START Data block
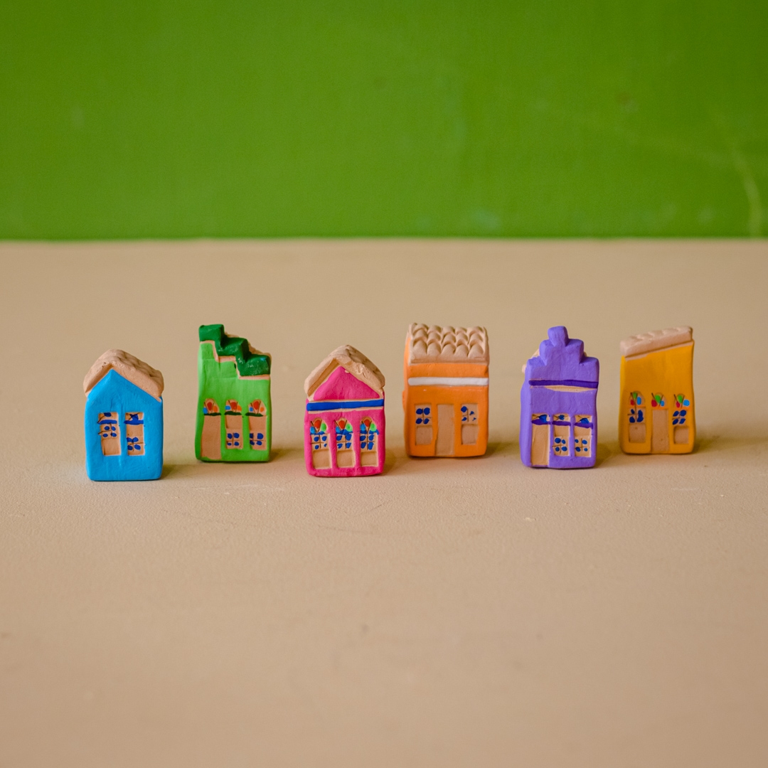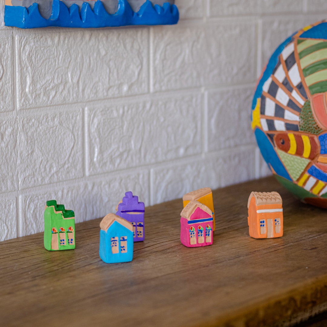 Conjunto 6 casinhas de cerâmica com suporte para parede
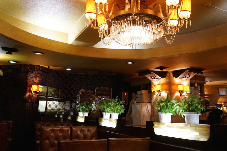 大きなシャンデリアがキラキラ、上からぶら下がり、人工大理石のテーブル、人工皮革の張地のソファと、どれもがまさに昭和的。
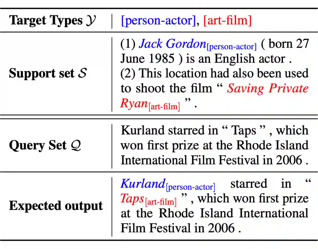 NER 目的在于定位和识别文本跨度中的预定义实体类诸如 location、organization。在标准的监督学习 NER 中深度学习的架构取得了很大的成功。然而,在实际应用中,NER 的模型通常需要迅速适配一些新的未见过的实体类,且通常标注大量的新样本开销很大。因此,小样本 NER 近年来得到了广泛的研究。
END Data block
** What is required **
The entire listing above is to be copied exactly, with all pictures omitted.

** Answer to this problem **
 Conjunto 6 casinhas de cerâmica com suporte para parede
 大きなシャンデリアがキラキラ、上からぶら下がり、人工大理石のテーブル、人工皮革の張地のソファと、どれもがまさに昭和的。
 NER 目的在于定位和识别文本跨度中的预定义实体类诸如 location、organization。在标准的监督学习 NER 中深度学习的架构取得了很大的成功。然而,在实际应用中,NER 的模型通常需要迅速适配一些新的未见过的实体类,且通常标注大量的新样本开销很大。因此,小样本 NER 近年来得到了广泛的研究。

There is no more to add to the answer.